Стали немцы ловить их по деревням. Видят где и зовут так: «Лось, лось!» Подманивают руками — иди, мол, выходи сюда. Хитро улыбаются...
Митя, бросив лопату, показывает, как подманивали их.
И пошли.
— А что же ты думаешь?
Митя защищается. Все годы он был беззащитен, а теперь... Что с ним теперь такое?
— Терпячка кончилась, — объяснит он потом. — Терпел я, брат, всю жизнь претерпевал. А теперь...
Собрали их в пересыльный лагерь. Под открытым небом. Питались павшими лошадьми, народу перемерло много.
Потом их — в рабочий лагерь. В Верхней Силезии. Год работал Митя в шахте вместе с французами там, англичанами... Англичанин и зашиб ему вагонеткой ногу.
— Говорили с ними, в шахте-то, — Митя снова слабо так усмехается.
— Как?
— Да так.
Знаками показывали, кто кем работал прежде, в мирной жизни. Митя показал: крестьянин он. Англичанин — что он шофер. Француз — парикмахер. А бедовать вместе пришлось!
Полегче, вроде, вышло, когда стали работать в Данциге, в порту. Можно было уже достать хоть какой-то еды — разгружали и рыбу.
Тут уж Красная Армия стала подходить. Отступая, гнали немцы пленных с собой. Так и Митю гнали. Потом прижала Красная Армия всех к морю — и немцев, и пленных.
Сняли с наших первый допрос.
— Особнячки эти, особисты, — особенно лютовали, — поясняет мой Митя и качает головой, словно отгоняя какие-то видения.

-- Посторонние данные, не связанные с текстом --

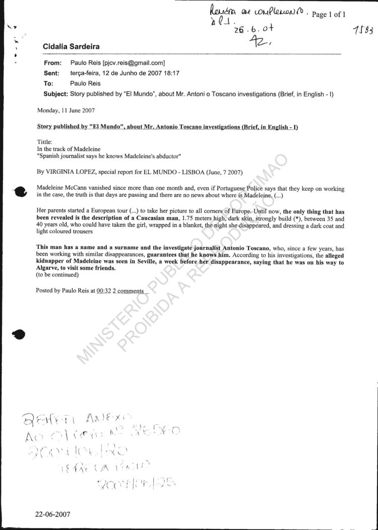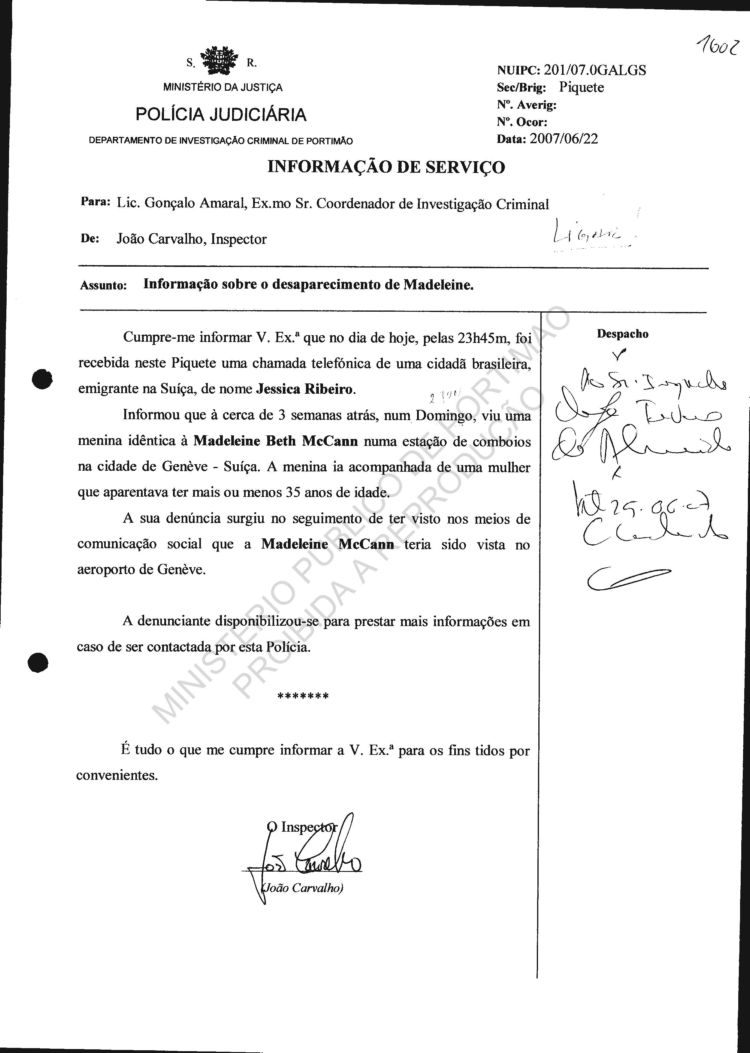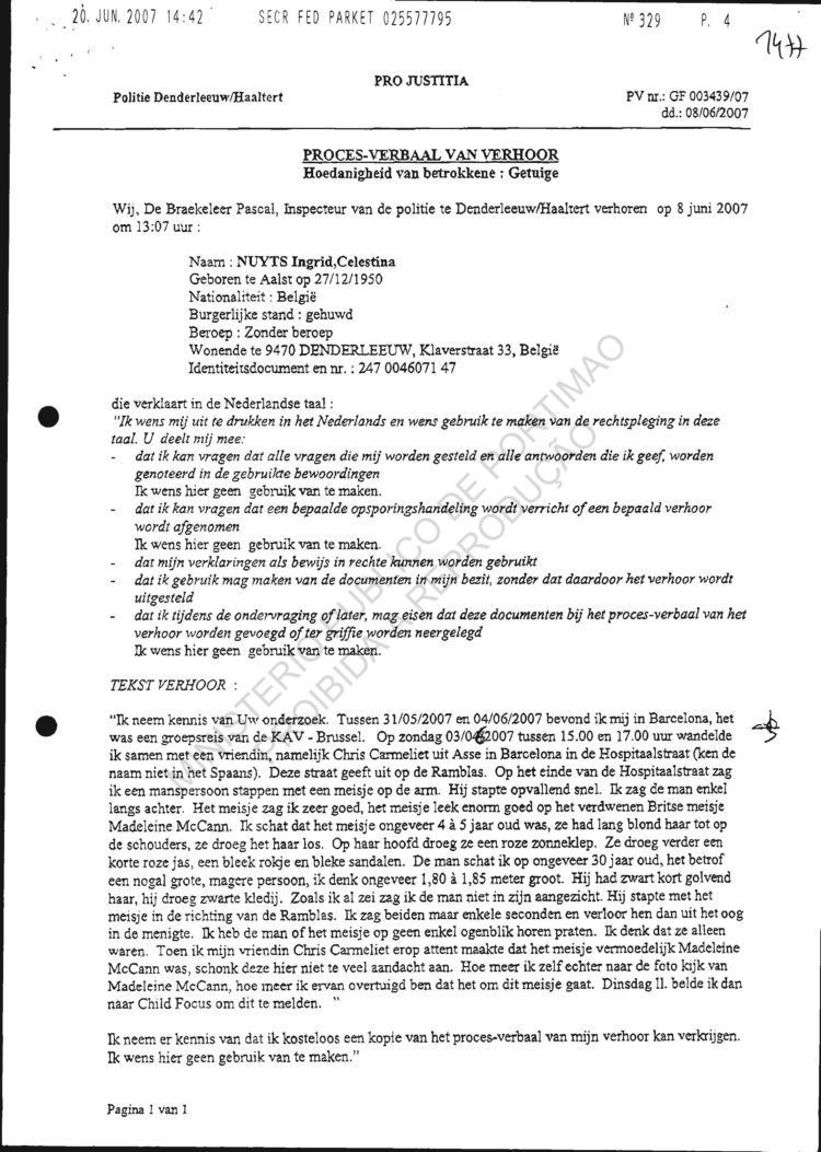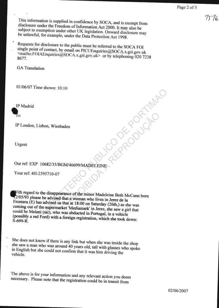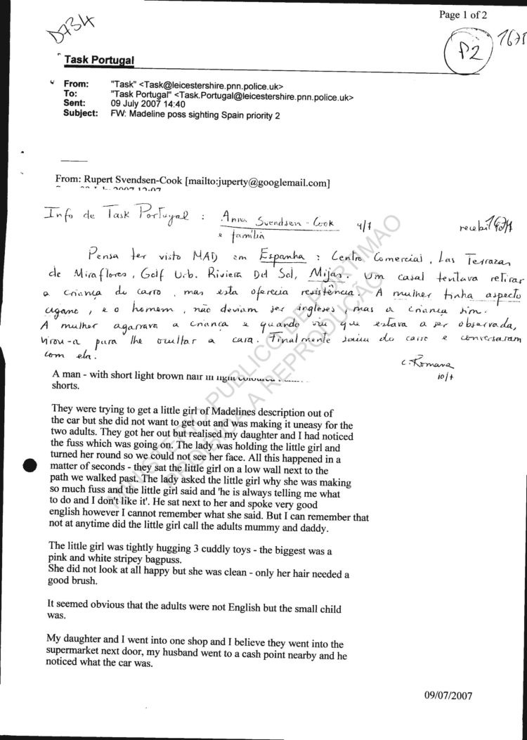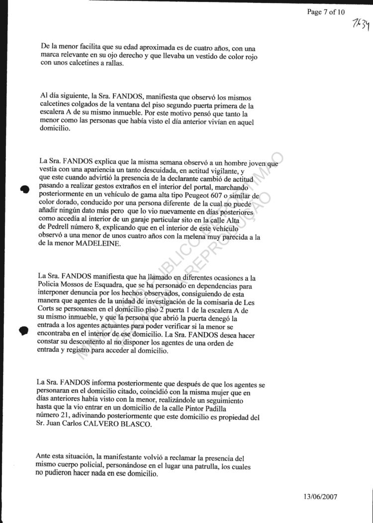 statement re sighting in Huelva |

Митя уже и автомат получил — годным признали, зачислили в действующую армию. Только кто-то сказал вдруг, что видели его в немецкой форме с автоматом...
— Неправда это! — Мите очень хочется, чтобы во мне не зародилось и тени сомнения; он горячится: — Оговорили, падлы, себя спасали!
Опять допросы. Приговорили — к шести годам на вольное поселение в Мурманскую область. Приписали его к строительству электростанций, так говорит он. Жили без паспортов.
Беспаспортный — он строил, жил в бараках, холодал и голодал. Уже после отбытия срока, в другие годы вызвали его в военкомат. «Маленько строго с вами обошлись, ошибочка вышла», — сказал тогда военкоматский полковник. И вручил Мите медаль «За победу над Германией».
Знаю, прозвали его здешние Митя-с-медалью... Не пожалели — посмеялись...
Так и кочует он с тех пор по Северу да по Карелии. Ни кола у него, ни двора. Родом же он из довоенного ближнего Подмосковья, Щелкова, что ли?
Митя у себя на второй перекидке берется за лопату. Земля, земля — она дышит горелым.
...Совсем поздно ночью снизу, с первого этажа нашего общежития, прозвучал одинокий женский голос: «Пусти!» Долго так повторял без выражения: «Пусти. Пусти».
Тихо, ни мужчин, ни женщин больше не слышно.
Отведем душу
— Ты чего не заходишь, утаился совсем? — говорит дед Евтифеев моему соседу Толику. — Я долгий, ты короткий, — мы с тобой пара, товарищи, значит, нам нельзя поврозь. А то ишь, мягкодырый, с койки не слазит!..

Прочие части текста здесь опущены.